Provided information:
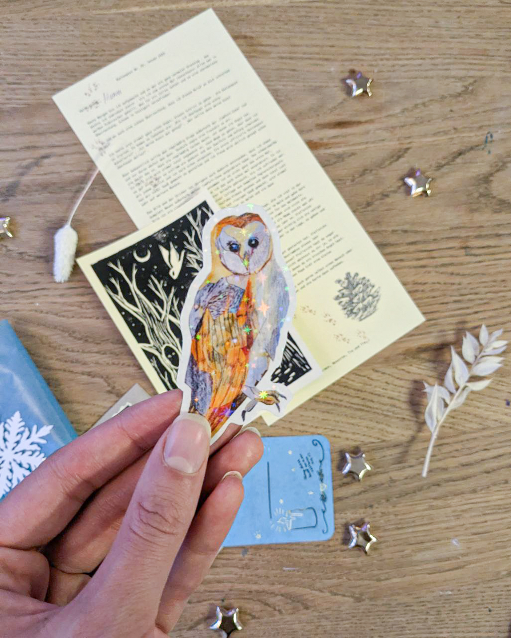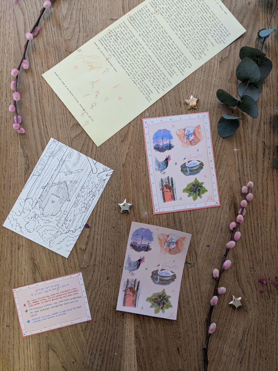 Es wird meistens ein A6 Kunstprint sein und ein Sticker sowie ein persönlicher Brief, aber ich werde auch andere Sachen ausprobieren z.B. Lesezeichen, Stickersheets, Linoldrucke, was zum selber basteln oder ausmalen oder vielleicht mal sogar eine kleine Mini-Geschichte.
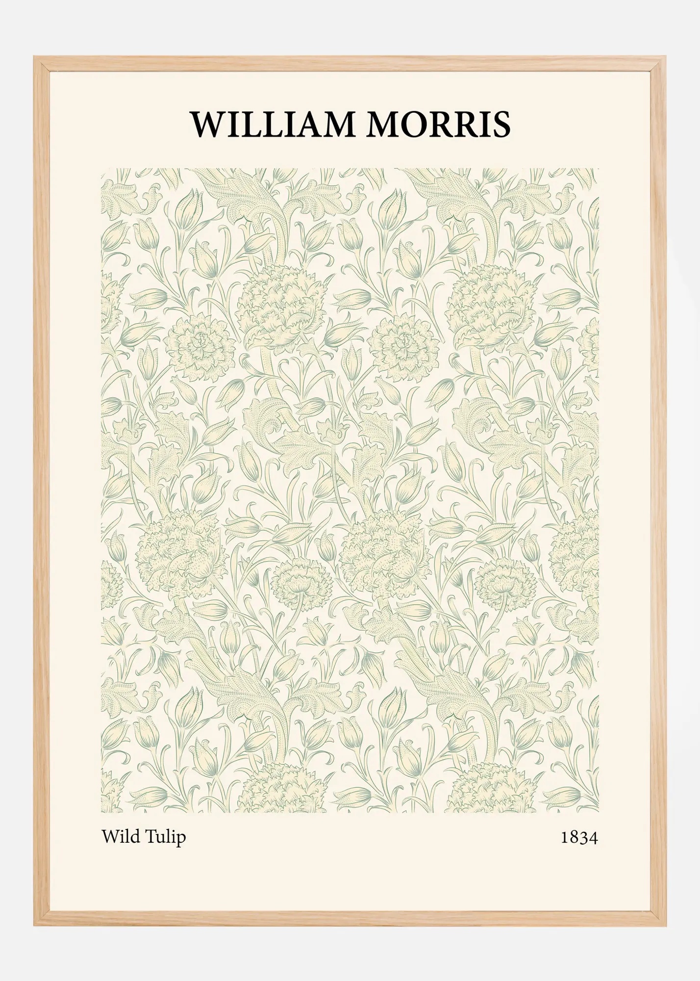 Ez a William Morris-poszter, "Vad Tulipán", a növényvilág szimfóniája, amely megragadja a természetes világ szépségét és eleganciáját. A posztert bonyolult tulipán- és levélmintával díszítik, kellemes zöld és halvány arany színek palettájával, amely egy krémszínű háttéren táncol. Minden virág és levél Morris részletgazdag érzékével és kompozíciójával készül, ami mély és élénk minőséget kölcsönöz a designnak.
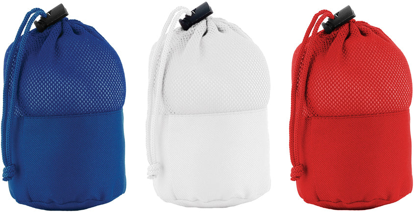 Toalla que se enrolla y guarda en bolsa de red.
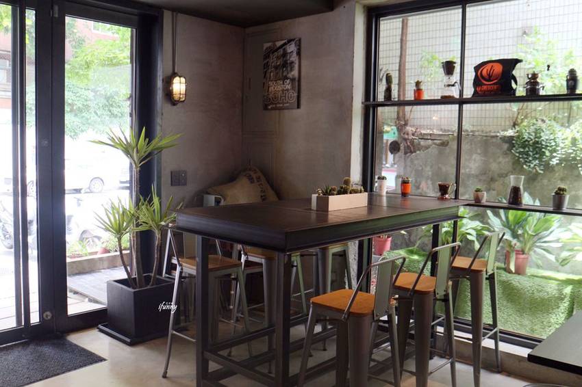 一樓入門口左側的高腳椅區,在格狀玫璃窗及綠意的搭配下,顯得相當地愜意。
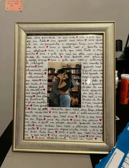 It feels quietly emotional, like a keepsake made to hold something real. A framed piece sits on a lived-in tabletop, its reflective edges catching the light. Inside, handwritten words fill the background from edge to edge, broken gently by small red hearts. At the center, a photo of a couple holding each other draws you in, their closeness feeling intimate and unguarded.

Required work: Repeat the material above exactly; pictures do not belong in the copy.

Reply:
 Es wird meistens ein A6 Kunstprint sein und ein Sticker sowie ein persönlicher Brief, aber ich werde auch andere Sachen ausprobieren z.B. Lesezeichen, Stickersheets, Linoldrucke, was zum selber basteln oder ausmalen oder vielleicht mal sogar eine kleine Mini-Geschichte.
 Ez a William Morris-poszter, "Vad Tulipán", a növényvilág szimfóniája, amely megragadja a természetes világ szépségét és eleganciáját. A posztert bonyolult tulipán- és levélmintával díszítik, kellemes zöld és halvány arany színek palettájával, amely egy krémszínű háttéren táncol. Minden virág és levél Morris részletgazdag érzékével és kompozíciójával készül, ami mély és élénk minőséget kölcsönöz a designnak.
 Toalla que se enrolla y guarda en bolsa de red.
 一樓入門口左側的高腳椅區,在格狀玫璃窗及綠意的搭配下,顯得相當地愜意。
 It feels quietly emotional, like a keepsake made to hold something real. A framed piece sits on a lived-in tabletop, its reflective edges catching the light. Inside, handwritten words fill the background from edge to edge, broken gently by small red hearts. At the center, a photo of a couple holding each other draws you in, their closeness feeling intimate and unguarded.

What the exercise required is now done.